A TOTAL of 69 people in Hampshire have tested positive for coronavirus.

Public Health England figures show that there are also three confirmed cases in Southampton, as well as three in Portsmouth and two on the Isle of Wight.

Across the UK around 55,000 people have coronavirus, the Government's chief scientific adviser has said, as the NHS moved to cancel all non-emergency surgery and 71 people are now known to have died.

Sir Patrick Vallance told MPs the hope was to keep the death toll to under 20,000 as he told of the huge amount of strain the health service will be under from Covid-19.

It comes as Prime Minister Boris Johnson told his Cabinet the coronavirus pandemic is a "war" that must be won as he set out plans for a team to tackle the outbreak and economic chaos.

NHS England chief executive, Sir Simon Stevens, also told MPs the NHS would be "flat out" helping coronavirus patients for the next four to six months.

He has sent a letter to hospitals telling them to prepare for a big influx of patients requiring ventilation and ordered moves to cancel non-emergency surgery by April 15 at the latest, alongside the discharge of medically fit people to free up beds.

During a hearing of the Health Select Committee, chairman Jeremy Hunt asked Sir Patrick whether the expected death rate was one fatality for every 1,000 cases, which would mean that there are "potentially 55,000 cases" at present.

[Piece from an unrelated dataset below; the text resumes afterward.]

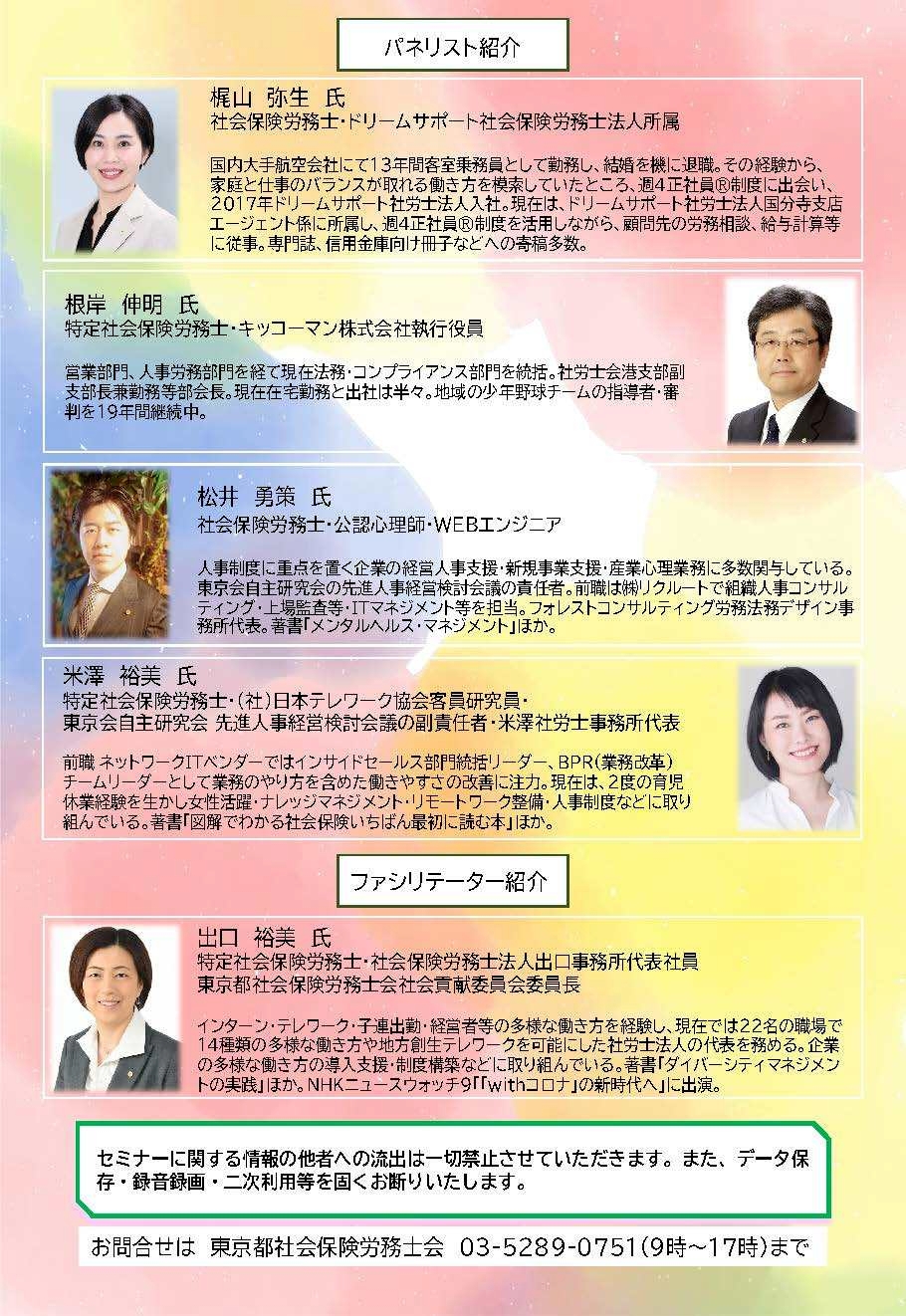 そこで、『コロナ後の人が集まる企業の働き方』として、テレワーク、短時間正社員、兼業・副業など従来とは違う新しい働き方をテーマに、最近多い事例、成功例・失敗例等を交えながら、導入のポイントや注意点について、4名の社会保険労務士が解説します。

Sir Patrick said: "We've tried to get a handle on that in Sage (Scientific Advisory Group for Emergencies) and if you put all the modelling information together, that's a reasonable ballpark way of looking at it.

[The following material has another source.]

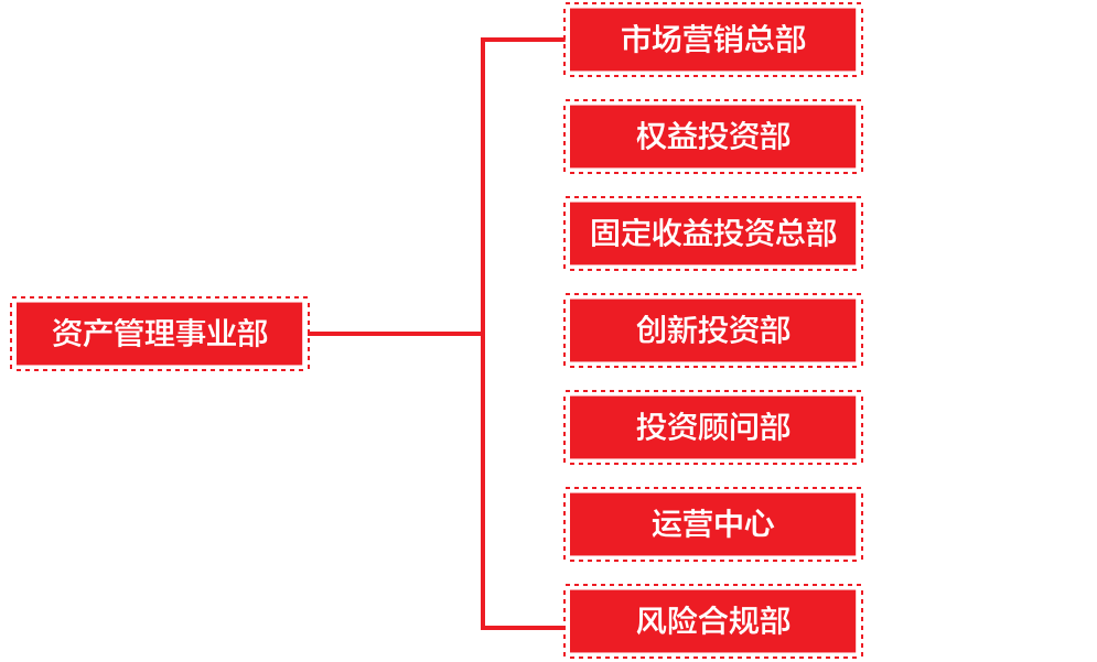 w66资产管理事业部下设七个部门:市场营销总部、权益投资部、固定收益投资总部、创新投资部、投资顾问部、运营中心、风险合规部。

"It's not more accurate than that."

He said the stringent measures introduced on Monday should "have a very significant effect on the peak" and lead to a reduction in cases and deaths after two to three weeks.

Asked whether it was hoped that deaths could potentially get below 20,000, Sir Patrick said: "That is the hope that we can get it down to that. To put that into perspective, every year in seasonal flu the number of deaths is thought to be 8,000.

"If we can get numbers down to 20,000 and below, that's a good outcome in terms of where we would hope to get to with this outbreak.

"But that's still horrible, it's still an enormous number of deaths and an enormous pressure on the health service, and having spent 20 years as an NHS consultant as well as an academic, I know what that looks and feels like."

He warned that much was still unknown about what would happen once people are released from isolation and no longer told to undertake social distancing.

Sir Patrick said "that's one of the big unknowns in this which we are going to have to think about very carefully".

But he refused to be drawn on suggestions that the Government's measures could have to be kept in place for 18 months to prevent the virus resurging.